In [1]:
import gpytorch
import torch
from torch.autograd import Variable

gpytorch.functions.use_toeplitz = False

In [2]:
import os
from torchvision import transforms, datasets
from torch.utils.data import DataLoader

train_dataset = datasets.MNIST('/tmp', train=True, download=True,
                               transform=transforms.Compose([
                                   transforms.ToTensor(),
                                   transforms.Normalize((0.1307,), (0.3081,))
                               ]))
test_dataset = datasets.MNIST('/tmp', train=False, download=True,
                              transform=transforms.Compose([
                                  transforms.ToTensor(),
                                  transforms.Normalize((0.1307,), (0.3081,))
                              ]))

train_loader = torch.utils.data.DataLoader(train_dataset, batch_size=256, shuffle=True, pin_memory=True)
test_loader = torch.utils.data.DataLoader(test_dataset, batch_size=256, shuffle=False, pin_memory=True)
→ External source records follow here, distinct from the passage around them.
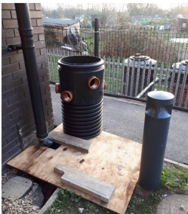
New signage has been supplied and installed at roof level and on the down pipes to hopefully make all aware of the water collection system

We have moved forward with the water attenuation from the Castle mill roof area – drainage checked, and new silt trap delivered – they are sealed connections so should not leak
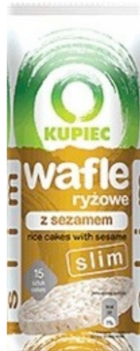
16291. Sesame 90g
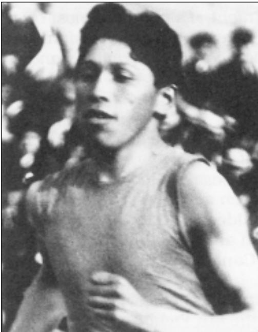
TOM LONGBOAT CONTINUED TO RUN AFTER JOINING THE CANADIAN EXPEDITIONARY FORCE. THE FAMOUS SIX NATIONS’ DISTANCE RUNNER BECAME A DISPATCH CARRIER WITH THE 107 TH BATTALION. AS WELL, HE COMPETED IN ARMY SPORTING CONTESTS, AND WON THE DOMINION DAY COMPETITION’S EIGHT-MILE RACE IN 1918.

Thomas Charles Longboat did not receive any awards for bravery. He was not killed in the thick of battle while performing a daring feat above and beyond the call of duty. Rather, he is an example of the selfless response of Canadians to the chaos spreading throughout Europe.
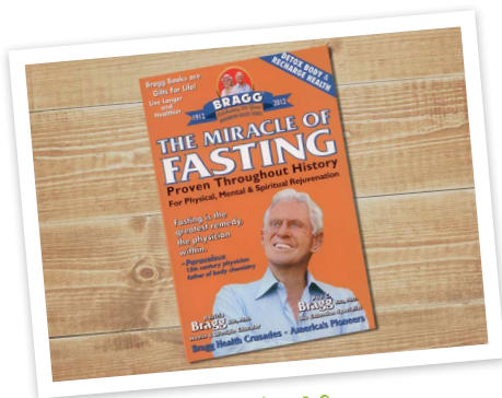
The miracle of fasting

## Define the feature extractor for our deep kernel

In [3]:
from collections import OrderedDict
from torch import nn
from torch.nn import functional as F

class LeNetFeatureExtractor(nn.Module):
    def __init__(self):
        super(LeNetFeatureExtractor, self).__init__()
        self.conv1 = nn.Conv2d(1, 16, kernel_size=5, padding=2)
        self.norm1 = nn.BatchNorm2d(16)
        self.conv2 = nn.Conv2d(16, 32, kernel_size=5, padding=2)
        self.norm2 = nn.BatchNorm2d(32)
        self.fc3 = nn.Linear(32 * 7 * 7, 64)
        self.norm3 = nn.BatchNorm1d(64)

    def forward(self, x):
        x = F.max_pool2d(F.relu(self.norm1(self.conv1(x))), 2)
        x = F.max_pool2d(F.relu(self.norm2(self.conv2(x))), 2)
        x = x.view(-1, 32 * 7 * 7)
        x = F.relu(self.norm3(self.fc3(x)))
        return x
    
feature_extractor = LeNetFeatureExtractor().cuda()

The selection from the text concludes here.